_DATA EXTRACT_.
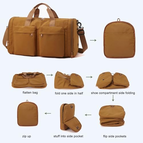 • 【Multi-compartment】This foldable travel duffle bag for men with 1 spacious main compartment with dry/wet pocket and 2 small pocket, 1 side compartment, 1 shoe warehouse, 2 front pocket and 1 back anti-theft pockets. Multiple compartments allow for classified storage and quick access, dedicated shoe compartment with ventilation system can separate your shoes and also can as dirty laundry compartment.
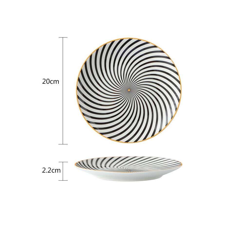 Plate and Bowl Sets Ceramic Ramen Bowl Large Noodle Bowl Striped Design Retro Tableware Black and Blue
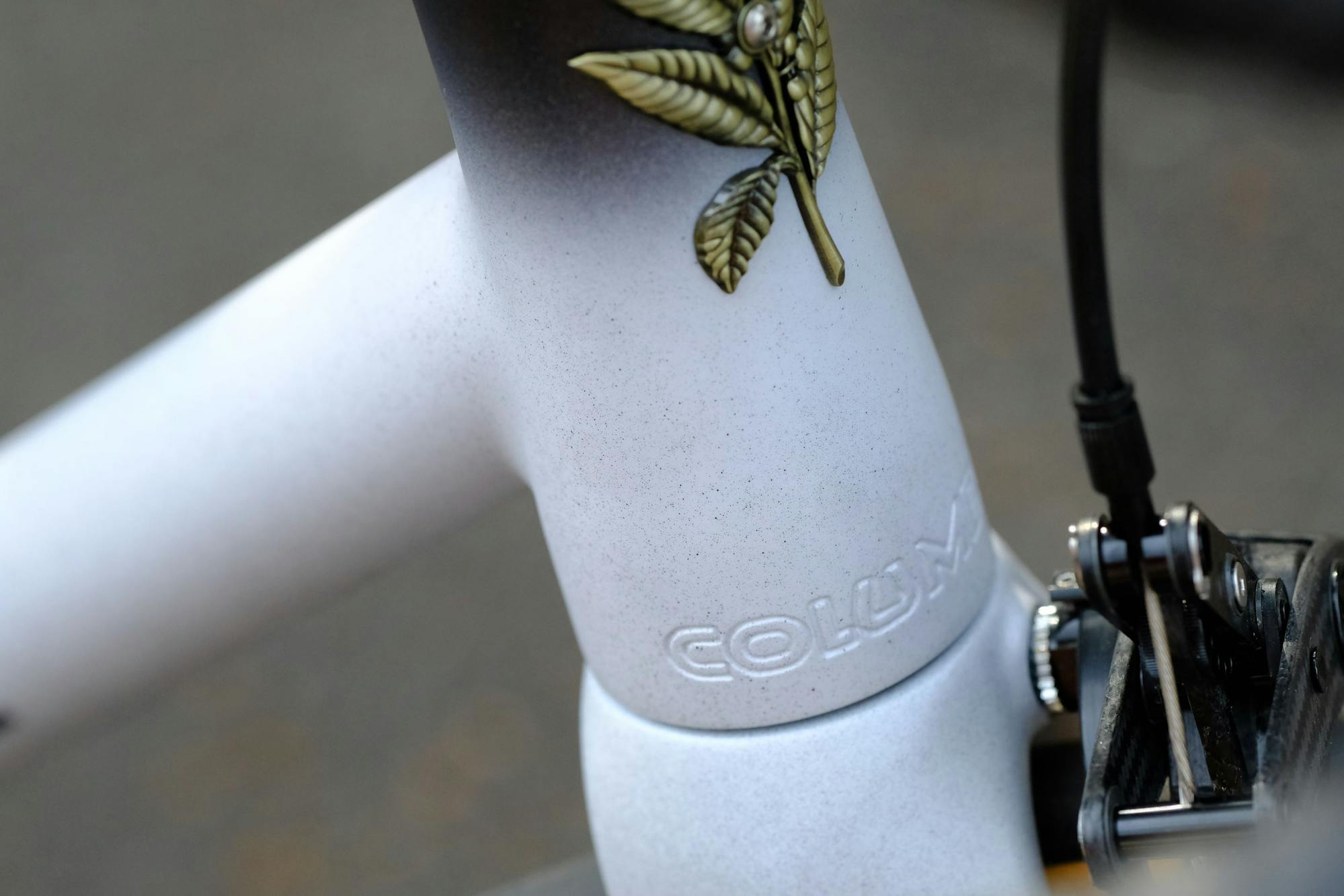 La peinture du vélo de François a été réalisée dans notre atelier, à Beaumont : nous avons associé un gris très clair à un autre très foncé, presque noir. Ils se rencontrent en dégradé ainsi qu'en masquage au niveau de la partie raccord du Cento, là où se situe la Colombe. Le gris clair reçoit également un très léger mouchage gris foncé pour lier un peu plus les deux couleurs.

_TASK STATEMENT_.
Set down the material once more, exactly, with the pictures omitted.

_EXERCISE ANSWER_.
 • 【Multi-compartment】This foldable travel duffle bag for men with 1 spacious main compartment with dry/wet pocket and 2 small pocket, 1 side compartment, 1 shoe warehouse, 2 front pocket and 1 back anti-theft pockets. Multiple compartments allow for classified storage and quick access, dedicated shoe compartment with ventilation system can separate your shoes and also can as dirty laundry compartment.
 Plate and Bowl Sets Ceramic Ramen Bowl Large Noodle Bowl Striped Design Retro Tableware Black and Blue
 La peinture du vélo de François a été réalisée dans notre atelier, à Beaumont : nous avons associé un gris très clair à un autre très foncé, presque noir. Ils se rencontrent en dégradé ainsi qu'en masquage au niveau de la partie raccord du Cento, là où se situe la Colombe. Le gris clair reçoit également un très léger mouchage gris foncé pour lier un peu plus les deux couleurs.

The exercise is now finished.